» Work order: Once the line with "Снаружи геометрия зданий" is found in the entries below, print it and each following line exactly, stopping after the line with "Gồm các tính"; print nothing else.

(Record extracts Opens)

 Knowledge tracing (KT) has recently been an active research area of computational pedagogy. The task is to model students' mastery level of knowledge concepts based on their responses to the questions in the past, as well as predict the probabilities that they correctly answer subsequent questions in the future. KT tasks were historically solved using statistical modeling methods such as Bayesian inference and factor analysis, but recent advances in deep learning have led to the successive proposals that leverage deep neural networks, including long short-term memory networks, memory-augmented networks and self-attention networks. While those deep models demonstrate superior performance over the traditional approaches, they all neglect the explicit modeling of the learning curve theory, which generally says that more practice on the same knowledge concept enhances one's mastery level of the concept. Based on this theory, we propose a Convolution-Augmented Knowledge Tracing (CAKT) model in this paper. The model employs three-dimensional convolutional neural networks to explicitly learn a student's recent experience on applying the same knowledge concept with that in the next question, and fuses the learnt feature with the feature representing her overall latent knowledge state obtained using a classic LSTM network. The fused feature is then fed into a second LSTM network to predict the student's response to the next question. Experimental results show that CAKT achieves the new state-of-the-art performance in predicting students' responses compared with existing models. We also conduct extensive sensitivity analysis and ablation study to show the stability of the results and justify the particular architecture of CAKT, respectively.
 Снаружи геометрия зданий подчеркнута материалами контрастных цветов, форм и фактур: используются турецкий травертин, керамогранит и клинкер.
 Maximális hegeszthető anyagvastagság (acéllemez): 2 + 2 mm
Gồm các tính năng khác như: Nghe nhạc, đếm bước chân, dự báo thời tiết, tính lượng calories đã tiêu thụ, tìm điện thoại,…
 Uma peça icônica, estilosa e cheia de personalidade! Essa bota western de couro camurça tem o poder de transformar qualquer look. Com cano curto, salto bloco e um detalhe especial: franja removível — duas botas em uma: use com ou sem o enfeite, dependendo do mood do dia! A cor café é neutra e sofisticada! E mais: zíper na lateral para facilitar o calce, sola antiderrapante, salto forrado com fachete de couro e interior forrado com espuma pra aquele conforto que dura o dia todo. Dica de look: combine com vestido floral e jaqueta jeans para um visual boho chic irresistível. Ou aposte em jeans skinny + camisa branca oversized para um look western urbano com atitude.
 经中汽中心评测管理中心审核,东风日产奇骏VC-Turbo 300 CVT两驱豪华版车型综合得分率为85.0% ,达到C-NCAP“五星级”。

(Record extracts Closes)
(Record extracts Opens)

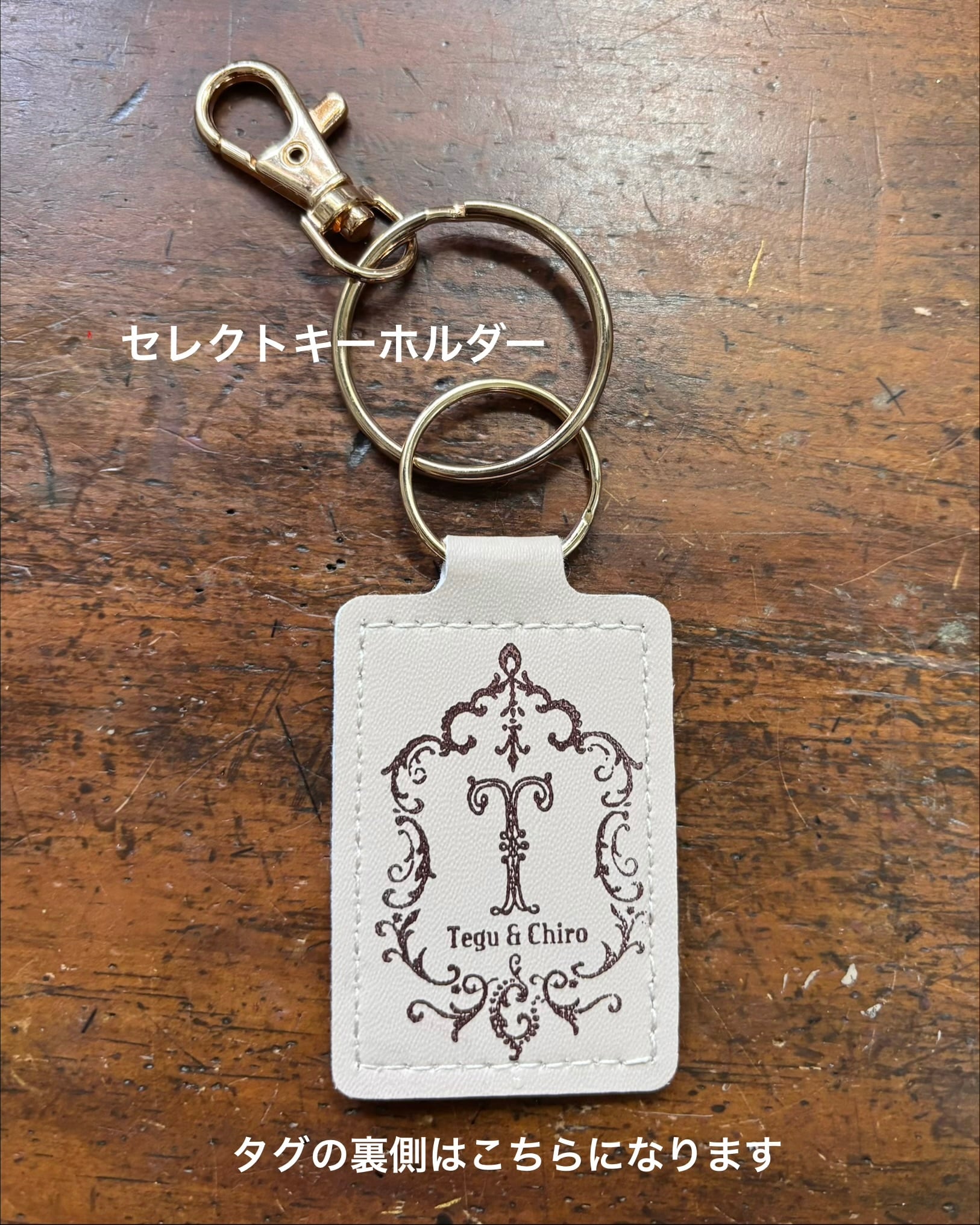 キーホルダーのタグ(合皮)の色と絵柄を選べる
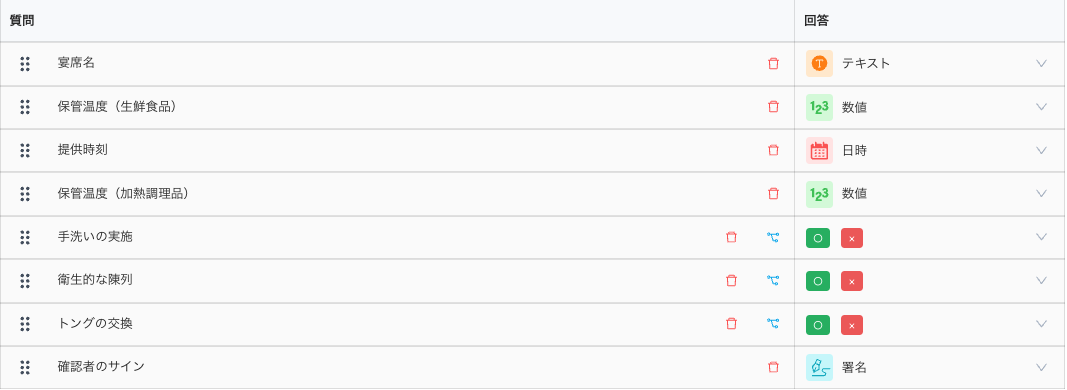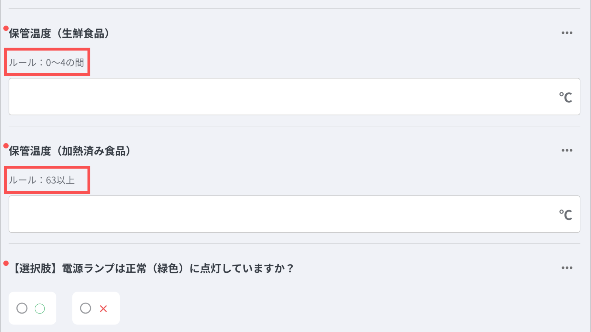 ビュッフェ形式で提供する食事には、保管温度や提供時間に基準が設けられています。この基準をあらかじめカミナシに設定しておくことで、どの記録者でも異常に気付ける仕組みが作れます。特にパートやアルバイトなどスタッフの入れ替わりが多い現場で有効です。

(Record extracts Closes)

» Response area:
 Снаружи геометрия зданий подчеркнута материалами контрастных цветов, форм и фактур: используются турецкий травертин, керамогранит и клинкер.
 Maximális hegeszthető anyagvastagság (acéllemez): 2 + 2 mm
Gồm các tính năng khác như: Nghe nhạc, đếm bước chân, dự báo thời tiết, tính lượng calories đã tiêu thụ, tìm điện thoại,…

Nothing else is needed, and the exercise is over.